Refugees, polygamous sect among topics lawmakers could study

PIERRE, S.D. (AP) – A South Dakota legislative board is set to choose among more than 20 proposed topics Tuesday to identify issues lawmakers should study ahead of the 2018 legislative session.

Here's a look at some of the suggestions that members of the Legislature's Executive Board will consider:


A study committee would look at the regulation of nonmeandered waters, which are bodies of water - usually smaller in size - that weren't specially designated during government surveys in the late 1800s. It would encompass private property protections, public access to waters and the regulation and management of nonmeandered waters.

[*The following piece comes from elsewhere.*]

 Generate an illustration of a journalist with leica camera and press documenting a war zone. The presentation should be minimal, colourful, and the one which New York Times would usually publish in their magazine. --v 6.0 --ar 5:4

Several proposed studies would focus on refugees. One would study the financial impact of resettlement on the South Dakota economy. Others would look at the challenges and issues confronting refugees, examine why they have come to South Dakota and look at the impact of government policies on refugees. A Democratic lawmaker also proposed studying how to improve cross-cultural understanding to more effectively integrate immigrants, refugees and religious minorities into the state's workforce.

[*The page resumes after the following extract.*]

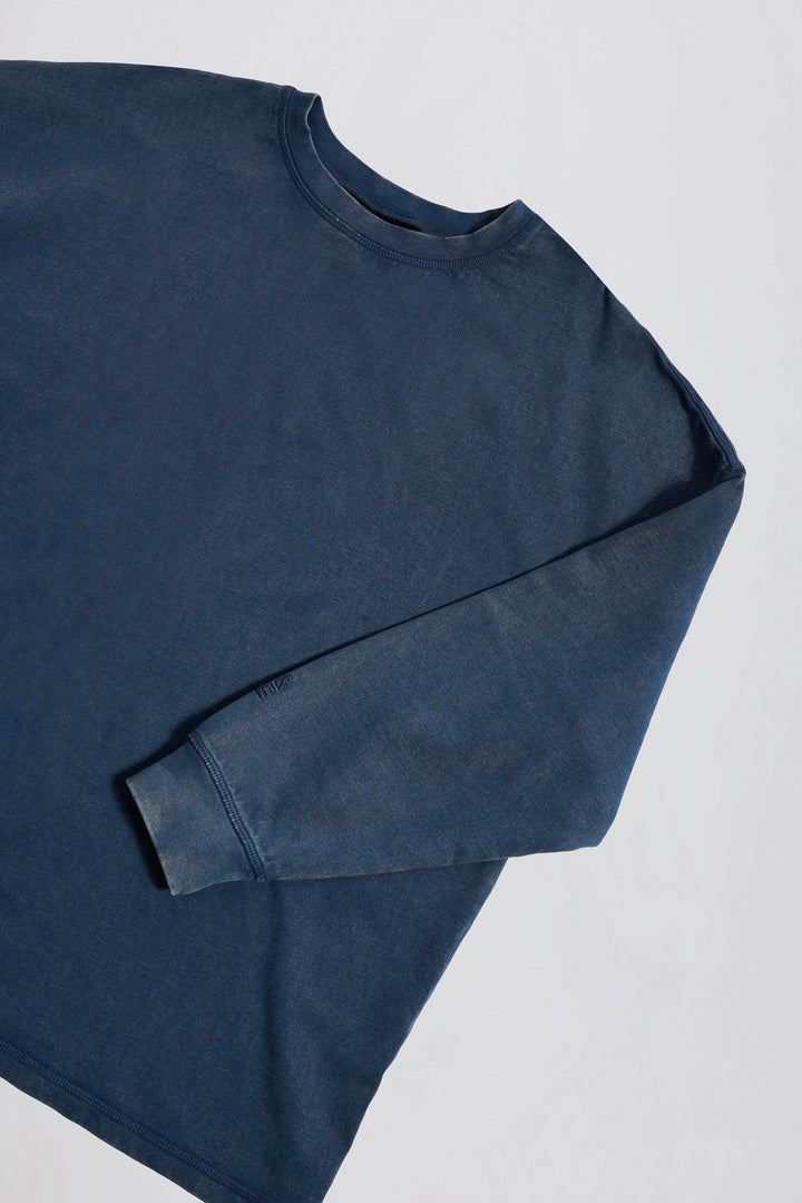 Asit Yıkamalı Mavi Uzun Kollu Oversize Tişört

The study would examine the population of the compound near Pringle, whether citizens have birth certificates or if a death certificate has ever been issued. It would also ask whether polygamy or sex trafficking are taking place.

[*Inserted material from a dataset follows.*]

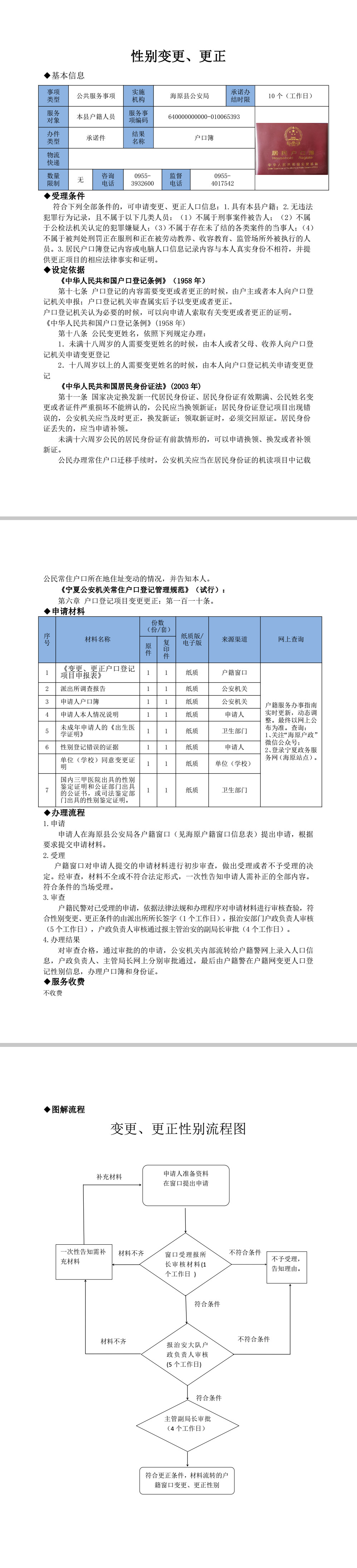 性别变更、更正办事指南

The study would look at the future of South Dakota's university system, including the impact of population shifts, the structure of tuition and fees and changing career markets. It would also examine the need for a community college system in South Dakota.


Legislators have also proposed tax-related studies on topics ranging from property tax exemptions to laying the groundwork for an extensive study of South Dakota's tax system.


The study would examine the impact of early childhood education in South Dakota, the potential and opportunity of state funding of pre-kindergarten and examine the best early childhood programs in other states.


The proposal would look at issues facing rail expansion, the status of state-owned rail and how to serve underserved areas.